I'm not sure I want that. I would probably trade some less versatile robots that are cheaper and do 90% of the work. I can't afford a million dollars - or even 100k dollars for a robot. Until you get into the $1000 range it is hard to see the value. (maybe $20k at the top end - car makers will hate this though as you are directly competing with cars as the only way most people can get that kind of money is to keep their current car longer)
I'm not sure that the cost to build a near-flawless, learn-anything-by-imitation humanoid would be less than the cost of a "laundromatic bot" that weights 5kg and picks up socks and runs on 4 wheels. It just goes against all logic to say that a more general, significantly more capable system would be cheaper than a more-specifically-designed system.

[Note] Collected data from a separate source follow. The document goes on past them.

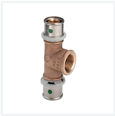
Sanfix P-T-Stück mit SC-Contur Modell 2117 Artikel 566 579
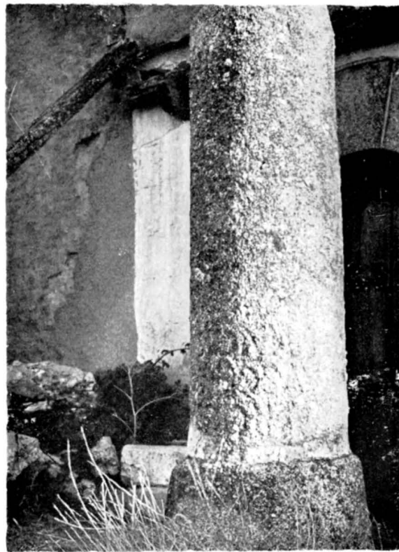
FIGURA 4. Miliario CLIIX, en posición invertida, mostrando una parte de la inscripción.
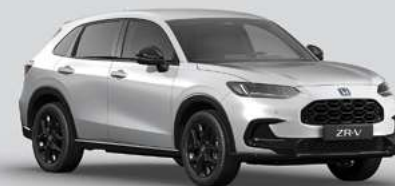
DIAMOND DUST PEARL
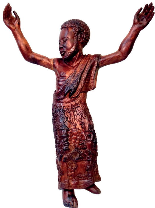
Le Christ - l'Africain victorieux. Oeuvre de James Samikwa, Centre culturel KuNgoni, Mua, Malawi.

Le Christ est le parfait sing'anga . Son incarnation, ses enseignements et le don de sa vie, dans un geste de pardon inégalé, font de lui le guérisseur cosmique par excellence.
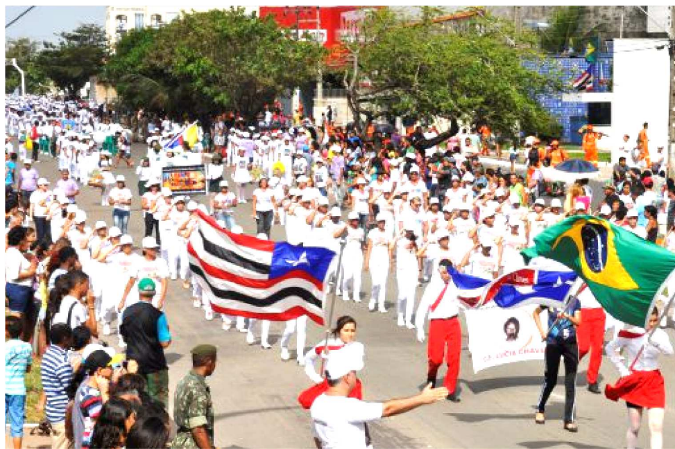
DESFILE DE 7 DE SETEMBRO E GRITO DOS EXCLUÍDOS MARCARÃO DATA CÍVICA NA ILHA

Haverá, entre outros veículos, várias viaturas do Exército, Polícia Militar e Corpo de bombeiros, além das tro-
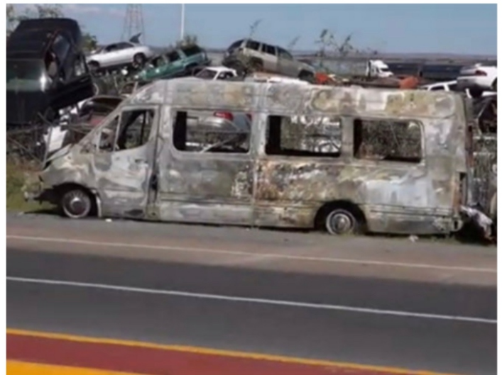
Así quedó la camioneta Mercedes Benz: totalmente calcinada
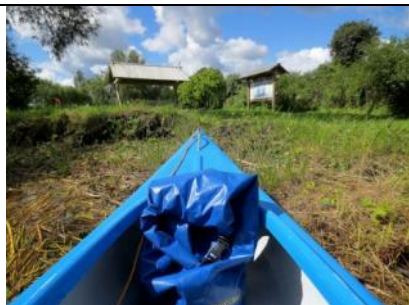
Atpūtas vieta „Jaunkalnes”
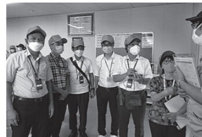
㈱マツシマメジャテック現場見学
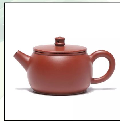
Исинский Чайник” Сы Тин” 130 мл 26 000 тг
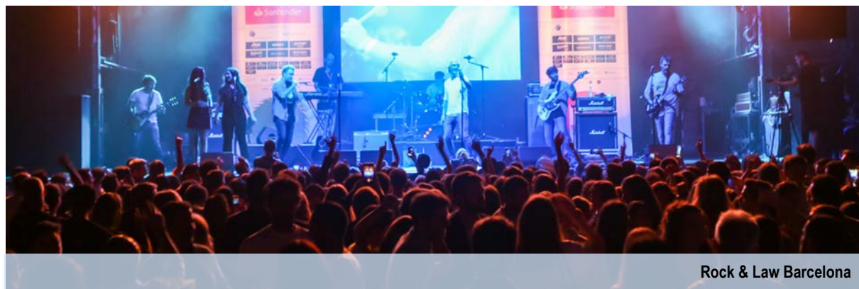
Rock & Law Barcelona

A iniciativa foi promovida pelas fundações Professor Uría, Clifford Chance, Cuatrecasas, Fernando Pombo, e Garrigues. Na organização do evento também participaram CMS, Roca Junyent e um grupo de abogados del Estado .
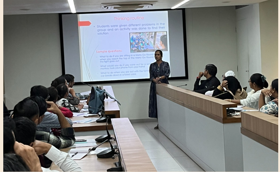
Sharing idea about Thinking Routines
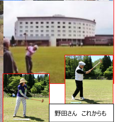
野田さん これからも
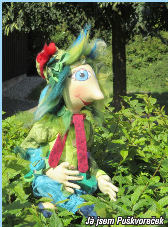
Já jsem Puškvoreček

Více informací naleznete na www.moravskekravařsko.cz a aktuálně Vás budeme informovat na FB Pohádkové Poodří a Poodří – Moravské
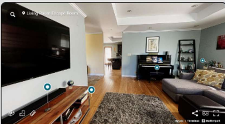
Bienes Raíces Casas
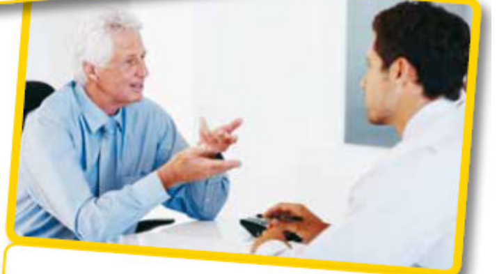
Bireysel Koçluk Görüşmeleri
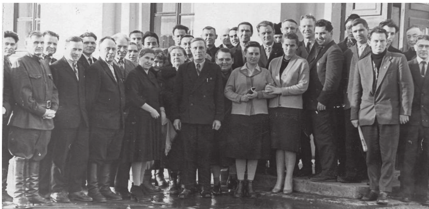
Актив газеты «Ишимская правда». Совецание рабкоров. Ноябрь, 1964 год.

В любой газете всегда живая, деловая обстановка, сближающая сотрудников. В довоенные и первые послевоенные годы было, конечно, немало трудностей. Первая радость: молодым сотрудникам

Obviously I'm not arguing that a humanoid will be cheaper than a laundromatic bot, but when I'm considering the full range of domestic tasks, I think it will start to make sense. Just for laundry, that would include: picking up items of all sizes, running the laundry, folding the clothes and then putting them in the closet. Other things I'd want help with include tidying (the defrag in the post), organizing my fridge&pantry and throwing away out of date items, cooking, vacuuming and mopping, and dozens of tasks that I'm sure would come to mind if I think for a bit longer.
Essentially, I want a full domestic helper like Rosey from the Jetsons. I think that technologically we're getting quite close to that, with R&D examples like Atlas[0], Optimus[1], Figure[2], Mentee[3] and Neo[4]. If you're sure you'd be happy with just a laundromatic bot, that's cool, but I think that any non-humanoid approaches to domestic work are pretty much a dead-end, as they are the robotic equivalent of a non-programmable computer.
[0] https://bostondynamics.com/atlas/ [1] https://www.tesla.com/AI (they apparently don't have a dedicated page) [2] https://www.figure.ai/ [3] https://www.menteebot.com/bot/ [4] https://www.1x.tech/androids/neo
Isn’t current training paradigms requiring massive amounts of data? You aren’t going to get that easily from a handful of luxury robots.
Check out https://www.1x.tech/androids/neo
Their plan is to put droids in real homes and remote control them to create the kinds of training data that can’t be faked in a lab.
They explain how that works here
Why handful? I would assume that domestic robots like that would sell at least as many units as luxury cars - hundreds of thousands a year. In terms of training, there are a lot of current approaches of learning from videos (of which we have a lot) and from synthetic data, which is getting easier to generate. And if they need more data, I would assume that offering a version of such a robot with telemetry at a large discount would be an easy sell for some. In particular, I'd expect there would be a lot of demand for assistants to elderly people.
Post author here
Somebody please build me that home defrag robot!
Why don't we hear about billions thrown on robotics companies?
My honest answer from the "inside" is two things: 1) self-driving cars/trucks has dominated funding (now drones) for too long and 2) iRobot is barely getting by, spooking investors away from household robots.
10 years ago there were startup floor cleaners, warehouse robots, pool scrubbers, all making the news. Now people have tightened up their portfolios a little, I think, and those ideas get less funding behind DoD applications or self-driving stuff.
Which is weird because we wouldn't need to be driven much if we had capable robots
note that self-driving is included within DoD applications
Figure has raised $754 million with a $2.5B valuation.